Source material
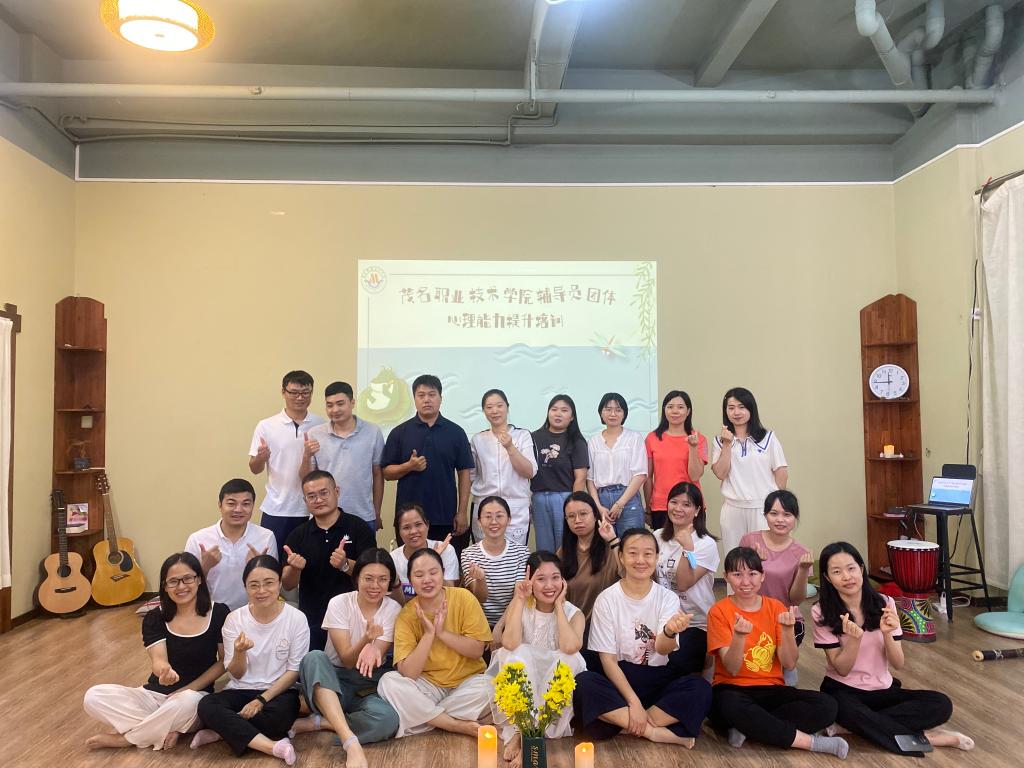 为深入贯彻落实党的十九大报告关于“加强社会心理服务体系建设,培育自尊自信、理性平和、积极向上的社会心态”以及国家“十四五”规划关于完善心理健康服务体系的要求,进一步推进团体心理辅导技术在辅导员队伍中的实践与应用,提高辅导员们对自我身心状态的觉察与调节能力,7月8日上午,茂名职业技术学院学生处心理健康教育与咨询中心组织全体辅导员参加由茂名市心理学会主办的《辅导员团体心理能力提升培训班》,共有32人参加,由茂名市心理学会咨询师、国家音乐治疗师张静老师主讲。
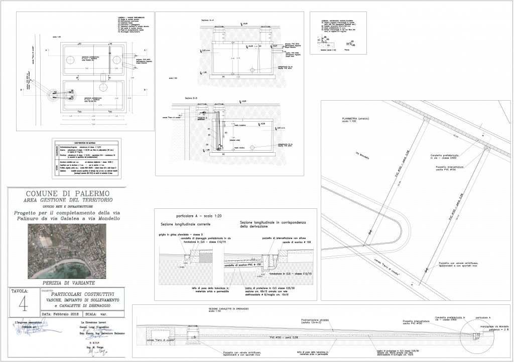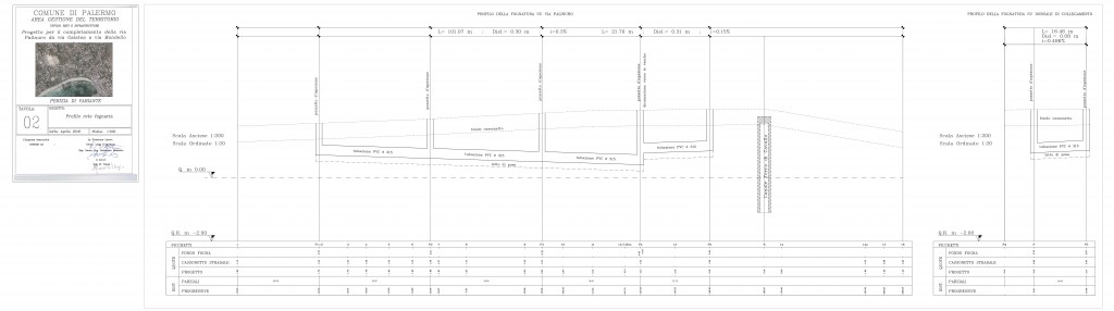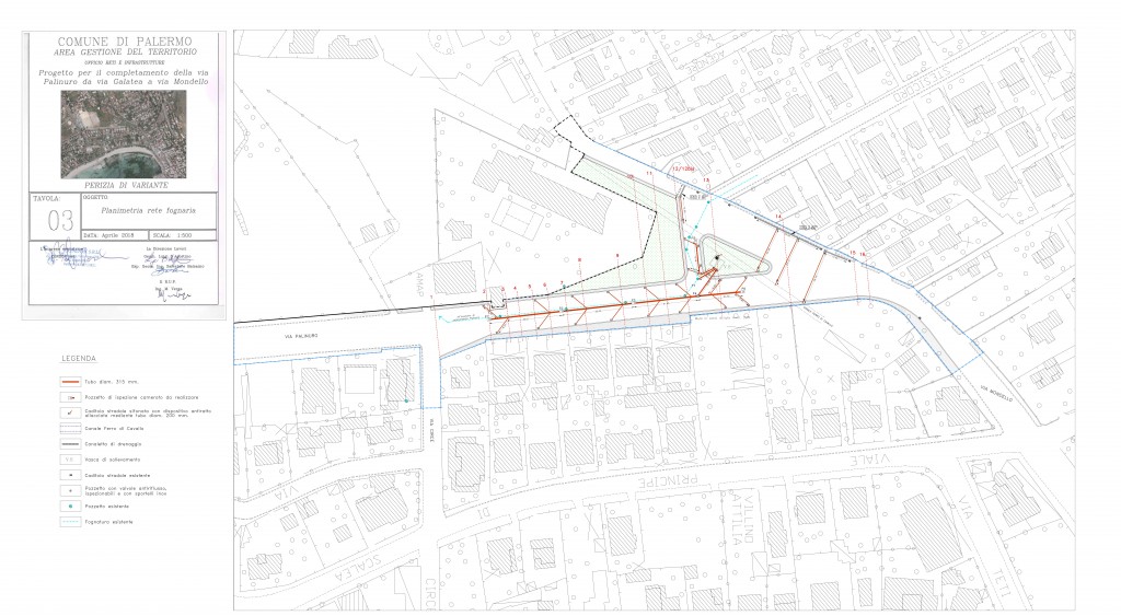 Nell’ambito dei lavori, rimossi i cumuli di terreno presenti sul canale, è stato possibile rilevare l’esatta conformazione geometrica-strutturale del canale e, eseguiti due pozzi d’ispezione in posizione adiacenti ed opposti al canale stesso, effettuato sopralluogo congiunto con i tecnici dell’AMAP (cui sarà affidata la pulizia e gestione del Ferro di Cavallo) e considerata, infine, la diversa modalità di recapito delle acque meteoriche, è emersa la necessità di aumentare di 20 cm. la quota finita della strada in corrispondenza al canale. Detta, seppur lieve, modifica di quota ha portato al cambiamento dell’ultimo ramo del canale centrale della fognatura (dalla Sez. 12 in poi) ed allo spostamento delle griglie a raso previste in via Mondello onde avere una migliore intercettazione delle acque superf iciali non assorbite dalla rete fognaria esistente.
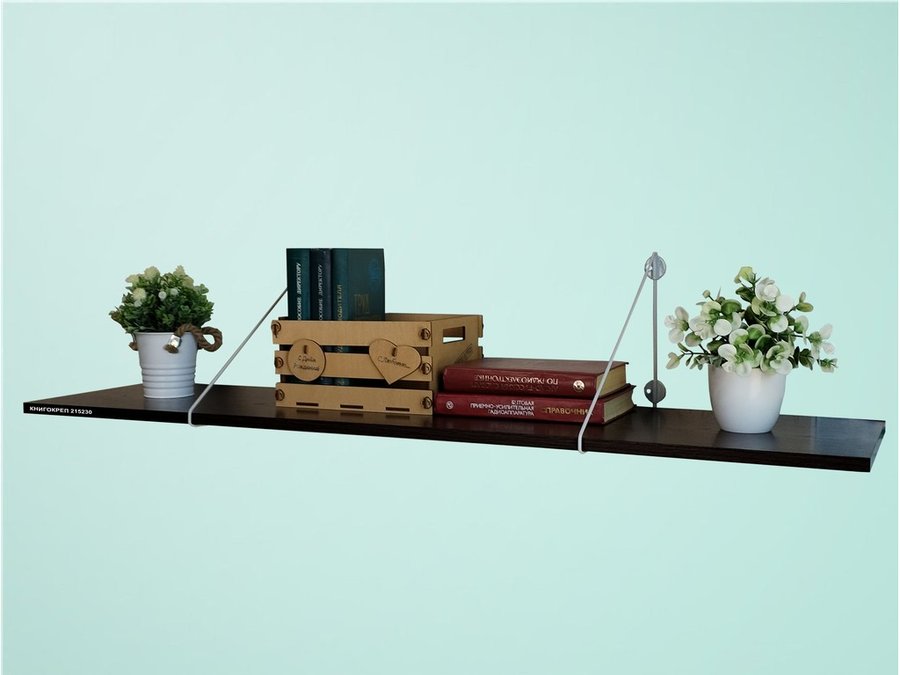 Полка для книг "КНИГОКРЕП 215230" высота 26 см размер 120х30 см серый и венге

Aim of the task
Retype the whole listing exactly. Do not include the pictures.

Task answer
 为深入贯彻落实党的十九大报告关于“加强社会心理服务体系建设,培育自尊自信、理性平和、积极向上的社会心态”以及国家“十四五”规划关于完善心理健康服务体系的要求,进一步推进团体心理辅导技术在辅导员队伍中的实践与应用,提高辅导员们对自我身心状态的觉察与调节能力,7月8日上午,茂名职业技术学院学生处心理健康教育与咨询中心组织全体辅导员参加由茂名市心理学会主办的《辅导员团体心理能力提升培训班》,共有32人参加,由茂名市心理学会咨询师、国家音乐治疗师张静老师主讲。
 Nell’ambito dei lavori, rimossi i cumuli di terreno presenti sul canale, è stato possibile rilevare l’esatta conformazione geometrica-strutturale del canale e, eseguiti due pozzi d’ispezione in posizione adiacenti ed opposti al canale stesso, effettuato sopralluogo congiunto con i tecnici dell’AMAP (cui sarà affidata la pulizia e gestione del Ferro di Cavallo) e considerata, infine, la diversa modalità di recapito delle acque meteoriche, è emersa la necessità di aumentare di 20 cm. la quota finita della strada in corrispondenza al canale. Detta, seppur lieve, modifica di quota ha portato al cambiamento dell’ultimo ramo del canale centrale della fognatura (dalla Sez. 12 in poi) ed allo spostamento delle griglie a raso previste in via Mondello onde avere una migliore intercettazione delle acque superf iciali non assorbite dalla rete fognaria esistente.
 Полка для книг "КНИГОКРЕП 215230" высота 26 см размер 120х30 см серый и венге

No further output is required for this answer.